Don't give Clay too hard a time. It's not his fault. He's still got some of that Michigan wussyness to grow out of. :baby :moon oke


----------



## konz (Oct 1, 2007)

> *LITECATCH (2/19/2008)*Clay, do you really think you could even hit your foot!!oke


Oh burn.......hahaha


----------



## FishinFL (Sep 30, 2007)

That's funny Litecatch!! I logged on to post the same thing!!

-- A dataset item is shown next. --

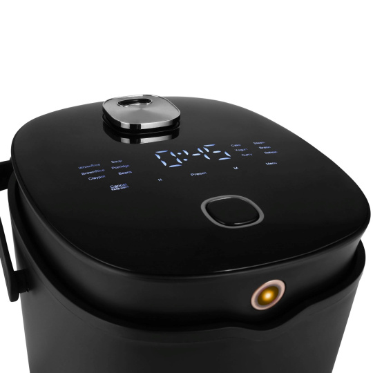 Ovládanie multifunkčného rýžovaru zvládne úplne každý pomocou prehľadného dotykového displeja, kde stlačením tlačidla aktivujete vybranú funkciu alebo si manuálne nastavíte hodnoty podľa potreby. Manipuláciu s rýžovarom uľahčuje praktické madlo. V 2l hrnci s nepriľnavým povrchom si pohodlne pripravíte jedlo pre celú rodinu alebo spoločenské stretnutie. Stačí ho vybrať a vložiť do umývačky, žiadne zložité drhnutie. Súčasťou balenia je aj praktická odmerka a lyžica na ryžu.

He can't cut a scale on a twenty pound grouper and hopes to hit a size ten....LMAO

We're all just ate up with envy and admiration Clay & Co.. I hope y'all fill the cooler!

Sea ya, Reese


----------



## Brandy (Sep 28, 2007)

Hows that foot??????????????


----------



## flyingfishr (Oct 3, 2007)

I'd shoot a lizardfish before I shot my own damn foot, you are a true sportsman Clay....taking one for fish and man alikeoke


----------



## Corpsman (Oct 3, 2007)

> *SCUBA Junkie (2/19/2008)*Don't give Clay too hard a time. It's not his fault. He's still got some of that Michigan wussyness to grow out of. :baby :moon oke


Now thats cold blooded.


----------



## FLYBOY (Oct 3, 2007)

Were back but I will let Clay tell you how he did:nonono....I had an awesome trip, details later I'm beat


----------



## dkdiver (Oct 15, 2007)

We can't wait to hear it! Glad you guys had a good trip. Clay will still be in his PJs until noon tomorrow though. :sleeping


----------



## David Ridenour (Sep 28, 2007)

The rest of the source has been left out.